* _TASK TO COMPLETE_: Counting from the line that holds "- Unfortunately Power", return each line exactly, through and including the last line of the entries.

*** Opening of SUPPLIED MATERIAL ***

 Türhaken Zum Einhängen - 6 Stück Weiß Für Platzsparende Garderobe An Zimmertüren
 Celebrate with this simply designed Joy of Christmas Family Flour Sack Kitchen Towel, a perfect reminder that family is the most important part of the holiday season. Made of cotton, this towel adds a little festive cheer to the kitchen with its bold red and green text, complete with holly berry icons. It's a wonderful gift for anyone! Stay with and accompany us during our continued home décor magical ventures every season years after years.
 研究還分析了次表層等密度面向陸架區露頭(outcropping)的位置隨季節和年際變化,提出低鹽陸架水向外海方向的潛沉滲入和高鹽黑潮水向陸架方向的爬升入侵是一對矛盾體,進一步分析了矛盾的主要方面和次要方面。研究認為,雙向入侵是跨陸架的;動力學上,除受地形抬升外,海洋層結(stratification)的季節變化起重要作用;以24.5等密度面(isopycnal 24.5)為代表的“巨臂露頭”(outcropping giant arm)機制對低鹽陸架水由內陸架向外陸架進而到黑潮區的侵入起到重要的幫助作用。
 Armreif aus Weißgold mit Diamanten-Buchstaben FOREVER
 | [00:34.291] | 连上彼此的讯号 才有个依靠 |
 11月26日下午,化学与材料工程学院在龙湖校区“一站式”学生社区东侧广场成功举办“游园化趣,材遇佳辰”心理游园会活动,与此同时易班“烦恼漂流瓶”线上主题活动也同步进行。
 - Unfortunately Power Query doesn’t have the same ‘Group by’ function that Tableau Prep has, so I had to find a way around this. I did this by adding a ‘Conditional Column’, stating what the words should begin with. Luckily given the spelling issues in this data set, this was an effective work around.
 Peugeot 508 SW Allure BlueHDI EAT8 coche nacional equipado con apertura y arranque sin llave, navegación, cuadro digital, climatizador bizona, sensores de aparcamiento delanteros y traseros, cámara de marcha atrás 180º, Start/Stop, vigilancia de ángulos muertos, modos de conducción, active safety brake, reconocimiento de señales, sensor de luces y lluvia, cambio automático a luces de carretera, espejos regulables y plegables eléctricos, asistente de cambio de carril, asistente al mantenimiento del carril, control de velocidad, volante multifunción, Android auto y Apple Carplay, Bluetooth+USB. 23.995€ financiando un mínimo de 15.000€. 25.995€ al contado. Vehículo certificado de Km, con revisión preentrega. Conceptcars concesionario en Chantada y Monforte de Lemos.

*** Close of SUPPLIED MATERIAL ***

* _EXERCISE ANSWER_:
 - Unfortunately Power Query doesn’t have the same ‘Group by’ function that Tableau Prep has, so I had to find a way around this. I did this by adding a ‘Conditional Column’, stating what the words should begin with. Luckily given the spelling issues in this data set, this was an effective work around.
 Peugeot 508 SW Allure BlueHDI EAT8 coche nacional equipado con apertura y arranque sin llave, navegación, cuadro digital, climatizador bizona, sensores de aparcamiento delanteros y traseros, cámara de marcha atrás 180º, Start/Stop, vigilancia de ángulos muertos, modos de conducción, active safety brake, reconocimiento de señales, sensor de luces y lluvia, cambio automático a luces de carretera, espejos regulables y plegables eléctricos, asistente de cambio de carril, asistente al mantenimiento del carril, control de velocidad, volante multifunción, Android auto y Apple Carplay, Bluetooth+USB. 23.995€ financiando un mínimo de 15.000€. 25.995€ al contado. Vehículo certificado de Km, con revisión preentrega. Conceptcars concesionario en Chantada y Monforte de Lemos.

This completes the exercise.